In March 2011 ProElite was rumored to be the unsuccessful second bidder against the UFC in an attempt to acquire rival MMA promotion Strikeforce. The offer was said to exceed 40 million dollars. Principals at ProElite immediately confirmed the companies intention to re enter the MMA live event promotional business as they had with the record breaking Kimbo Slice events on CBS.

Rumors immediately began circulating that ProElite was targeted as a strategic acquisition by either the UFC or an unidentified third party investor wishing to enter the MMA promotional space. PELE.PK stock jumped from .01 per share to more than .20 per share in two days as investors realized the stock routinely traded at $15 per share while ProElite was promoting live events.

In June 2011, Stratus Media Group secured a 95% ownership of ProElite. The group confirmed their intention to return to promoting mixed martial arts with former ICON owner T. Jay Thompson and former Strikeforce matchmaker Rich Chou brought on board to run the show. The company's return show took place on August 27, 2011 in Hawaii and streamed live on Sherdog.com.

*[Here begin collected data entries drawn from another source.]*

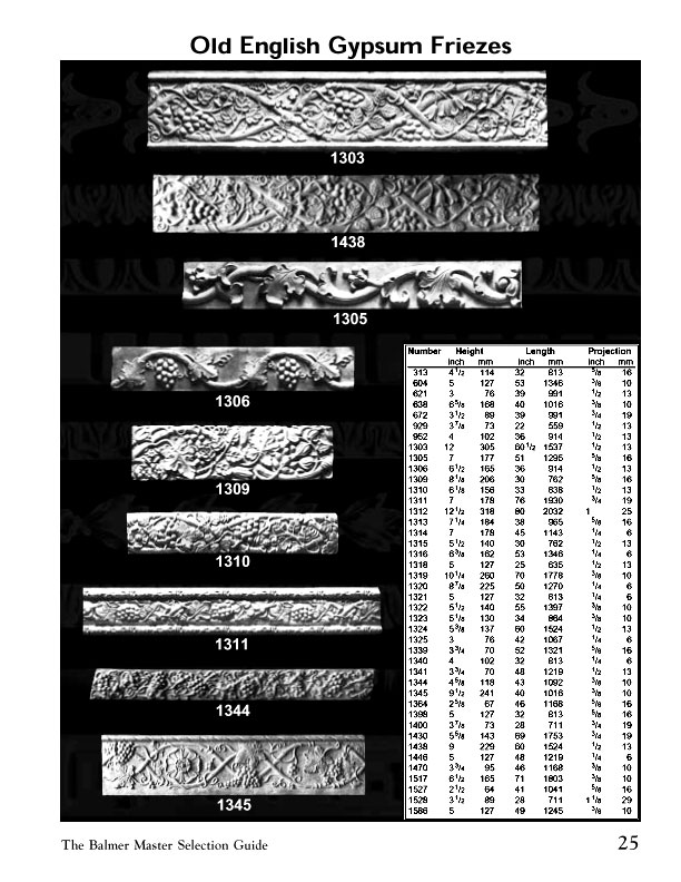 The Balmer Studios Gypsum Friezes 1303 , 1438 , 1305 , 1306 , 1309 , 1310 , 1311 , 1344 , 1345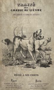 Lyon, F. Guyot, 1839. In-8, 13 x 21,5 cm, 2 ff., 226 pp., demi-chagrin brun à la Bradel avec coins, tête dorée, non rogné, couverture (reliure de la fin du XIXe siècle). Édition originale rare. Le traité de chasse du lièvre aux chiens courants, en vers, occupe les quarante-six premières pages de l’ouvrage.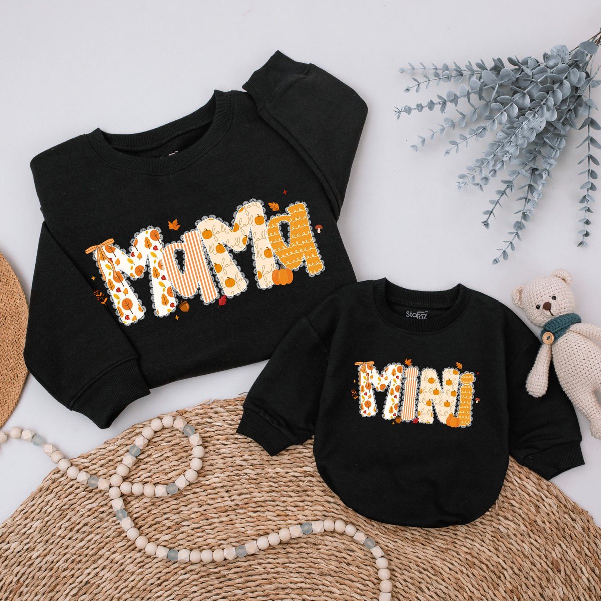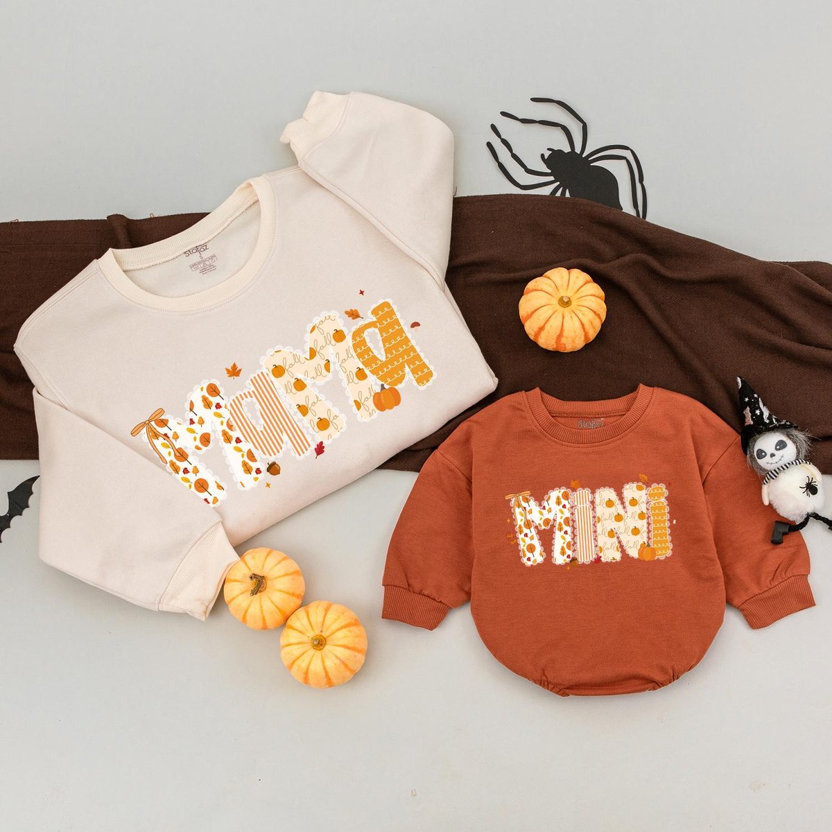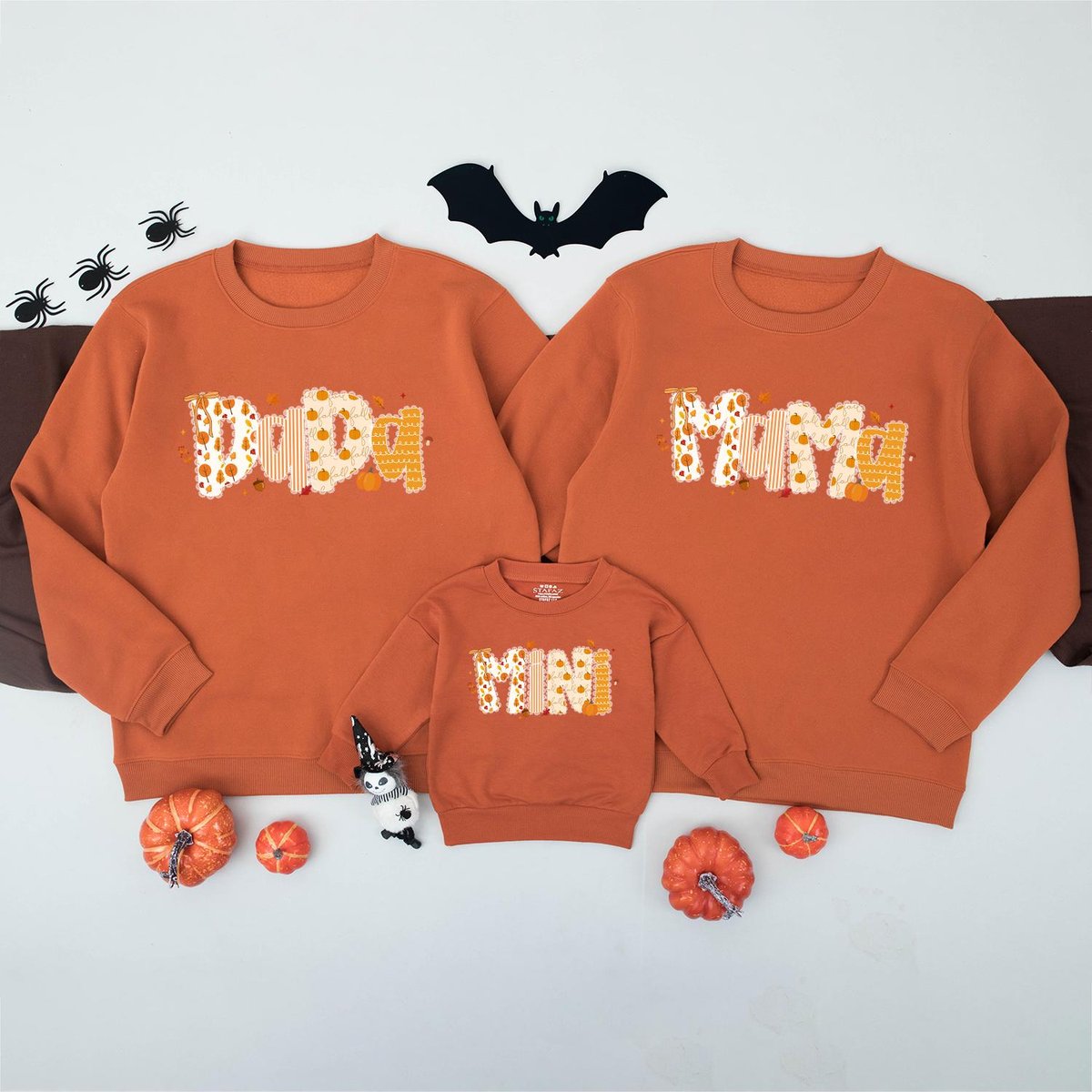 Custom Fall Family Sweatshirt Family Pumpkin Outfit Thanksgiving Matching Shirt Retro Fall Mommy and 435

ProElite announced a partnership with DREAM to share fighters shortly before it went out of business. This partnership made possible a fight between Kendall Grove and Ikuhisa Minowa in ProElite 3 in early 2012. After this event ProElite has seemingly gone out of business.

==Events==

| Event | Date | Location | Venue | Broadcast |
|---|---|---|---|---|
| ProElite 3: Grove vs. Minowa | January 21, 2012 | Honolulu, Hawaii, United States | Neal S. Blaisdell Center | HDNet |
| ProElite 2: Big Guns | November 5, 2011 | Moline, Illinois, United States | iWireless Center | HDNet |
| ProElite: Arlovski vs. Lopez | August 27, 2011 | Honolulu, Hawaii, United States | Neal S. Blaisdell Center | Sherdog.com |

==Key people==
- T. Jay Thompson – Head of Fight Operations
- Rich Chou – Matchmaker

==Controversy==
As the company was established the man who initially had the idea to launch ProElite, Wallid Ismail, was pressured to have signed out all of his rights, with the other stakeholders gaining complete control over the startup.